Task to complete: An exact copy of the listing below is needed, with no pictures in it.

Dataset extract:
******

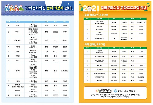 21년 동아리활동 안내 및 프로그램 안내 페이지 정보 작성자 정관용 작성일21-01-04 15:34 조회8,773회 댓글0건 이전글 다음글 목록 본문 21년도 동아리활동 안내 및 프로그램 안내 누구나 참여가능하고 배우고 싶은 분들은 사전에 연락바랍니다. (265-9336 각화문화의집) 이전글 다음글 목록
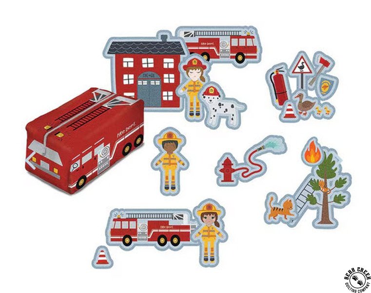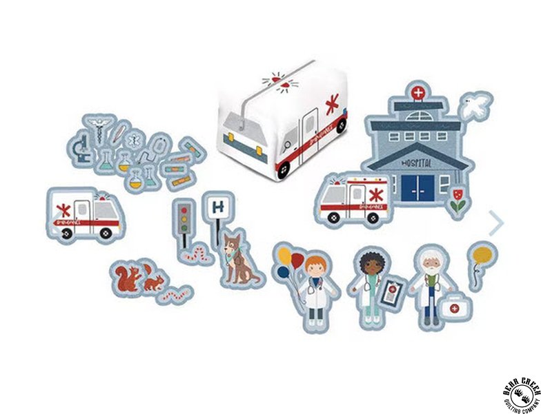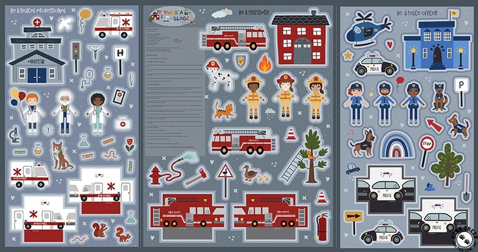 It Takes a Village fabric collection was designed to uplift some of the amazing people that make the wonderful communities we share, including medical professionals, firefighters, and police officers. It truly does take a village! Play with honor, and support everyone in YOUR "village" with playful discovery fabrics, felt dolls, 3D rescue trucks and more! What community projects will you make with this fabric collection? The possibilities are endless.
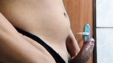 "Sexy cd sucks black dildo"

******

Answer box:
 21년 동아리활동 안내 및 프로그램 안내 페이지 정보 작성자 정관용 작성일21-01-04 15:34 조회8,773회 댓글0건 이전글 다음글 목록 본문 21년도 동아리활동 안내 및 프로그램 안내 누구나 참여가능하고 배우고 싶은 분들은 사전에 연락바랍니다. (265-9336 각화문화의집) 이전글 다음글 목록
 It Takes a Village fabric collection was designed to uplift some of the amazing people that make the wonderful communities we share, including medical professionals, firefighters, and police officers. It truly does take a village! Play with honor, and support everyone in YOUR "village" with playful discovery fabrics, felt dolls, 3D rescue trucks and more! What community projects will you make with this fabric collection? The possibilities are endless.
 "Sexy cd sucks black dildo"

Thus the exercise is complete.